Location-Based Features 

- borough: Categorical encoding (One-hot encoding)
- zip_code: Categorical encoding (One-hot encoding)
- high_risk_area: Boolean flag (1 = More than X accidents in the region)
- Time-Based Features

- crash_hour: Extracted from CRASH TIME
- crash_weekend: Boolean flag (1 = Weekend, 0 = Weekday)
- crash_rush_hour: Boolean flag (1 = Peak traffic hours)
- Accident Cause Features 🚗

- contributing_factor_vehicle_1: One-hot encoding of CONTRIBUTING FACTOR VEHICLE 1
- contributing_factor_vehicle_2: One-hot encoding of CONTRIBUTING FACTOR VEHICLE 2
- vehicle_type_code_1: One-hot encoding of VEHICLE TYPE CODE 1


# Step 3: Data Merging

We need to merge CitiBike data with NYPD accident data using:

Time proximity: CitiBike started_at should be within X minutes of an accident’s CRASH DATE + CRASH TIME
Location proximity: CitiBike start_lat, start_lng should be within 100m of an accident's LATITUDE, LONGITUDE

How?

Use KDTree for fast geospatial lookups (like before).
Filter by date and time to ensure the accident is relevant.


# Citybike dataset 


In [15]:
import pandas as pd
import numpy as np
from datetime import datetime
from geopy.distance import geodesic

# Load CitiBike data
citibike_df = pd.read_csv("/Users/shashankhmg/Documents/AXA-Casestudy/Data-Science-Challenge/data/processed/cleaned_citibike_data.csv")

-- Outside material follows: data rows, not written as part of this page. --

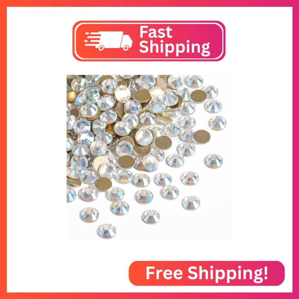 beadsland Flat Back Crystal Rhinestones Round Gems for Nail Art and Craft Glue F
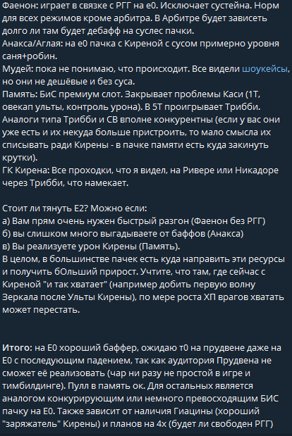 Бтв, уверен высер "В 5Т проигрывает Трибби" сделан на основании сравнения с Е1 Трибби, а не Е0. Как и в случае Анаксы и Аглаи он в голове держит минимум Е1 Зарянку, а то и Е1 Саню. Он сам привык играть на констах.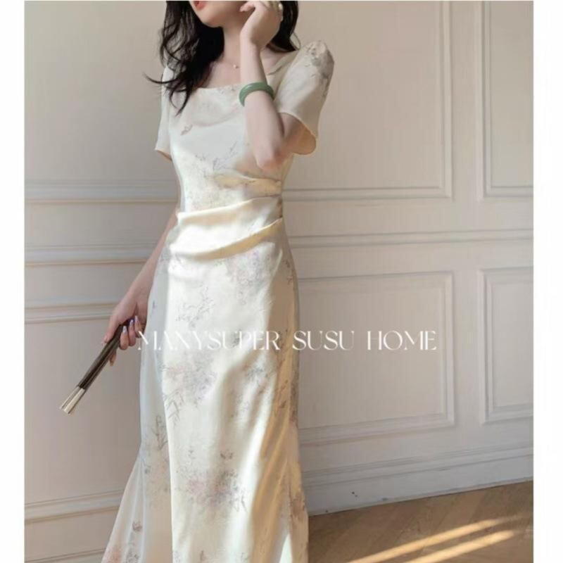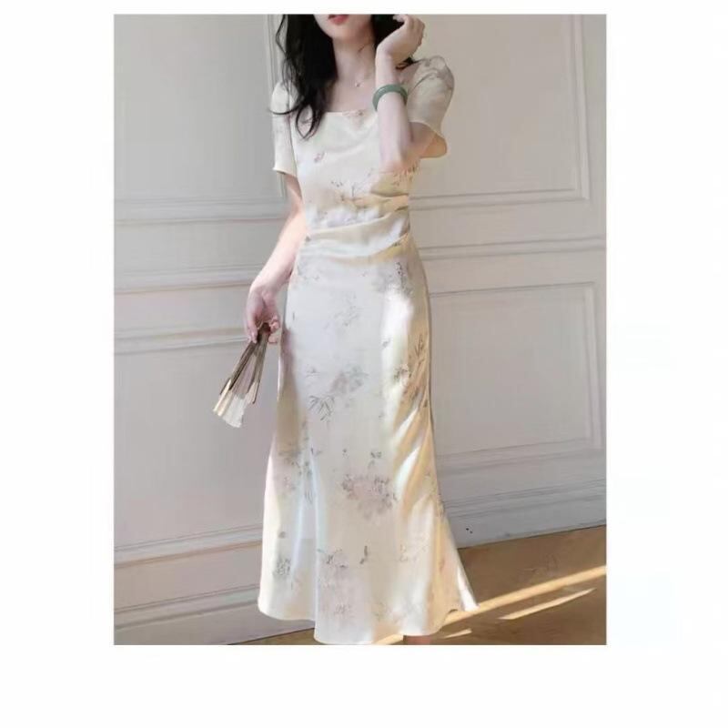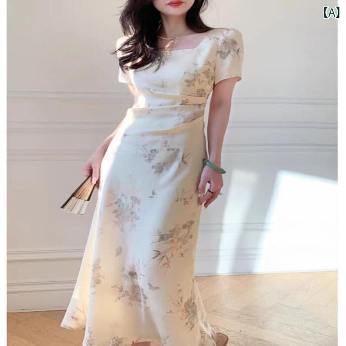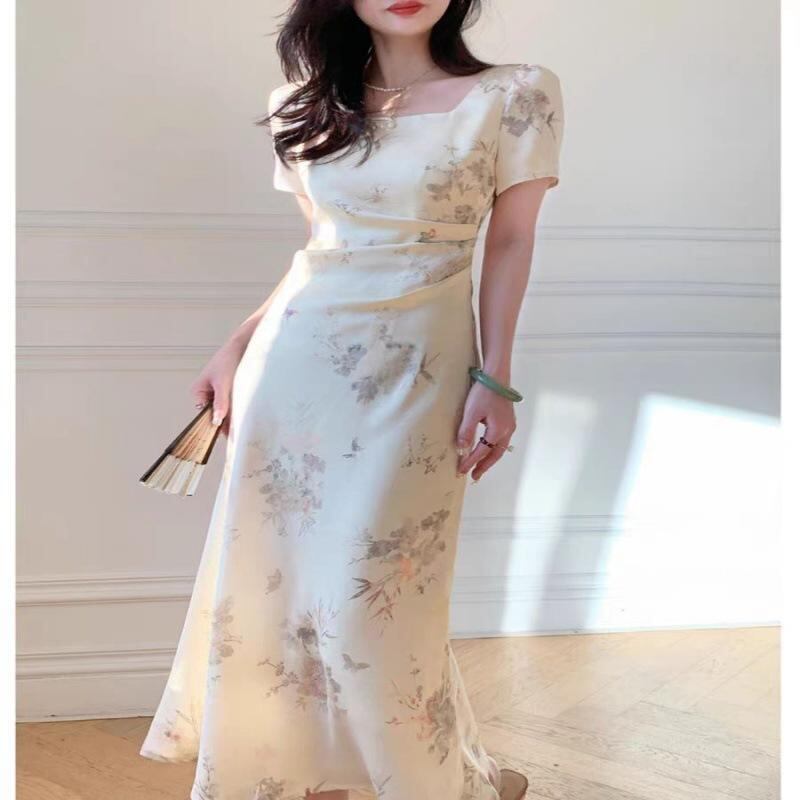 ワンピース 新チャイナ風 エレガント 上品 ミディ丈 Aライン スクエアネック 半袖 ハイウエスト ウエストギャザー プリント柄 大きいサイズ スタイルアップ 着痩せ オフホワイト TR素材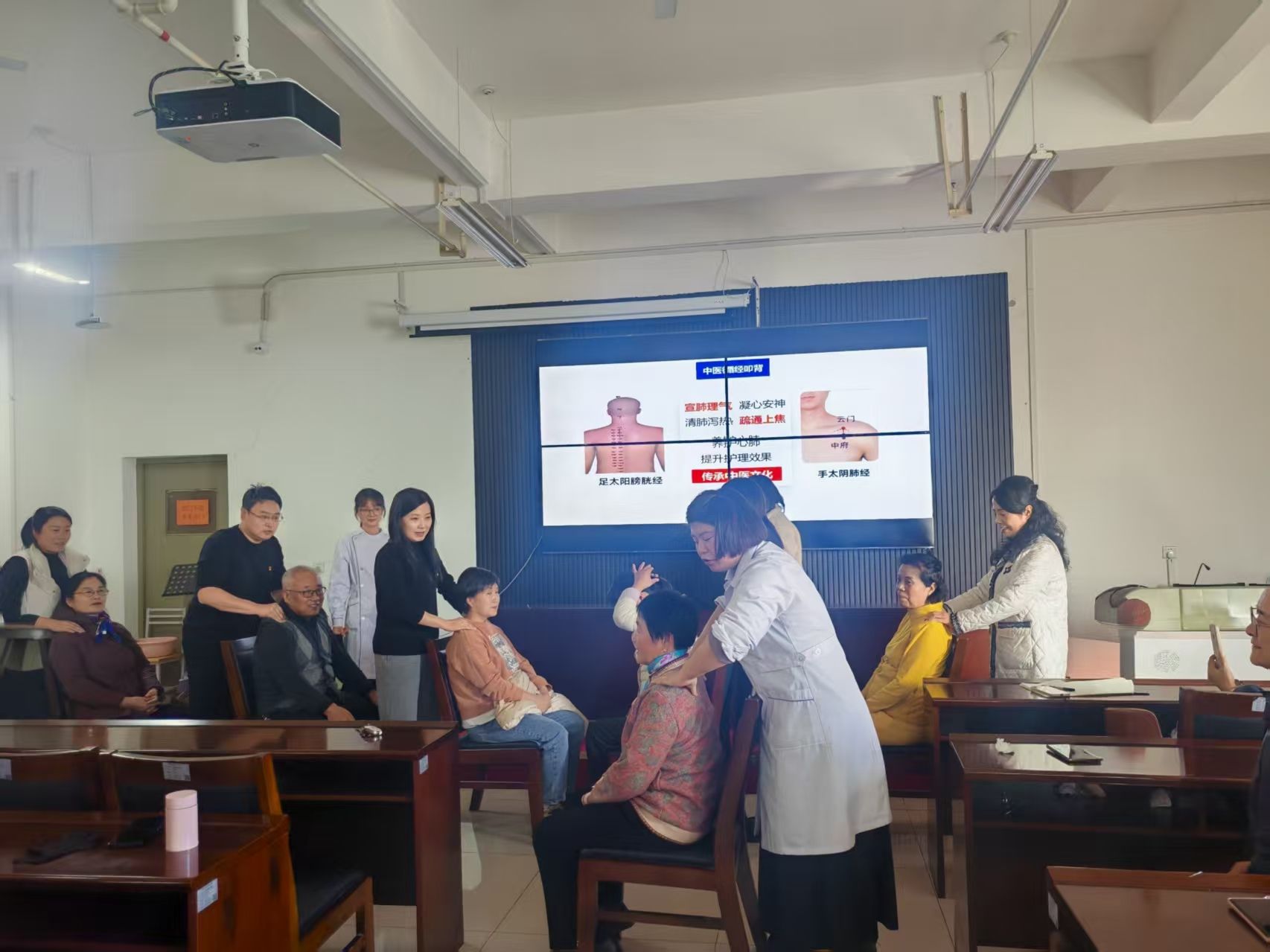 活动特邀学院医学院专业教师围绕《中医保健实操》《合理膳食与营养搭配》等专题,结合中老年人常见疾病问题,进行了细致的讲解与演示。老年大学学员们认真听讲,仔细记录。在急救技能环节,继教学院党员们在讲座老师指导下,现场模拟给老年大学学员进行心肺复苏、止血包扎等操作;在中医保健实操部分,党员们学习穴位按摩、循经拍打的基本手法,现场为老年大学学员推拿按摩、拍打经络,受到老年大学学员学习一致好评。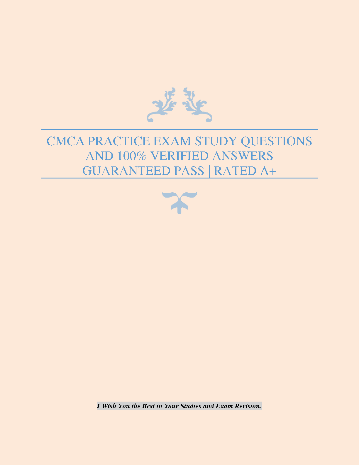 Ace your CMCA exam on the first try with this comprehensive study guide. This 2024/2025 edition contains practice questions and 100% verified answers, designed to ensure you achieve a guaranteed A+ rating. Prepare effectively and avoid resits!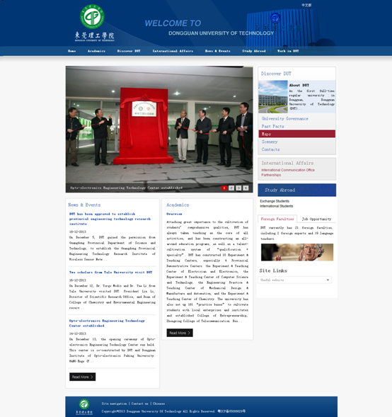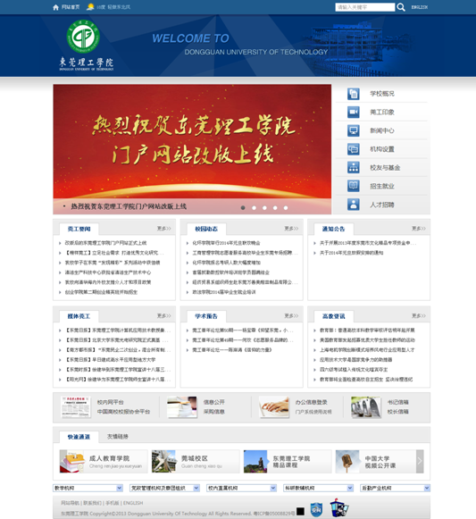 1月1日,经过半年的酝酿,改版后的东莞理工理工学院门户网站正式上线。改版后的网站信息更丰富,浏览更便捷,新增了“通知公告”、 “学术预告”、“高教资讯”、“快速通道”、“友情链接”等版块。为进一步做好校务公开,加强依法治校,网站设立了“信息公开”栏目和“书记校长信箱”。为加强国际交流,扩大学校影响,网站还设立了英文版子站网页。欢迎广大师生对改版后的门户网站提出修改意见。

# Convert 'started_at' and 'ended_at' to datetime format
citibike_df['started_at'] = pd.to_datetime(citibike_df['started_at'])
citibike_df['ended_at'] = pd.to_datetime(citibike_df['ended_at'])

# Time-Based Features**
citibike_df["hour_of_day"] = citibike_df["started_at"].dt.hour
citibike_df["day_of_week"] = citibike_df["started_at"].dt.dayofweek  # Monday = 0, Sunday = 6
citibike_df["weekend"] = (citibike_df["day_of_week"] >= 5).astype(int)  # 1 = Weekend, 0 = Weekday
# Classify rush hour: 1 = Rush hour, 0 = Non-rush hour
# Rush hour is typically considered:
# - Morning: 7 AM to 9 AM (commuters going to work)
# - Evening: 4 PM to 7 PM (commuters returning home)

citibike_df["rush_hour"] = np.where(
    ((citibike_df["hour_of_day"] >= 7) & (citibike_df["hour_of_day"] <= 9)) | 
    ((citibike_df["hour_of_day"] >= 16) & (citibike_df["hour_of_day"] <= 19)), 
    1,  # Rush Hour
    0   # Non-Rush Hour
)

# Trip-Based Features**
citibike_df["trip_duration"] = (citibike_df["ended_at"] - citibike_df["started_at"]).dt.total_seconds() / 60  # Convert to minutes

# Compute distance using geodesic distance
def compute_distance(row):
    return geodesic((row["start_lat"], row["start_lng"]), (row["end_lat"], row["end_lng"])).km

citibike_df["trip_distance"] = citibike_df.apply(compute_distance, axis=1)

# One-hot encoding categorical features
citibike_df["member_casual"] = citibike_df["member_casual"].map({"member": 1, "casual": 0})  # Encode membership
# Convert 'rideable_type' into a single binary column (1 = electric, 0 = classic)
citibike_df["rideable_type"] = citibike_df["rideable_type"].map({"electric_bike": 1, "classic_bike": 0})

# Geographical Features**
citibike_df["start_coordinates"] = list(zip(citibike_df["start_lat"], citibike_df["start_lng"]))
citibike_df["end_coordinates"] = list(zip(citibike_df["end_lat"], citibike_df["end_lng"]))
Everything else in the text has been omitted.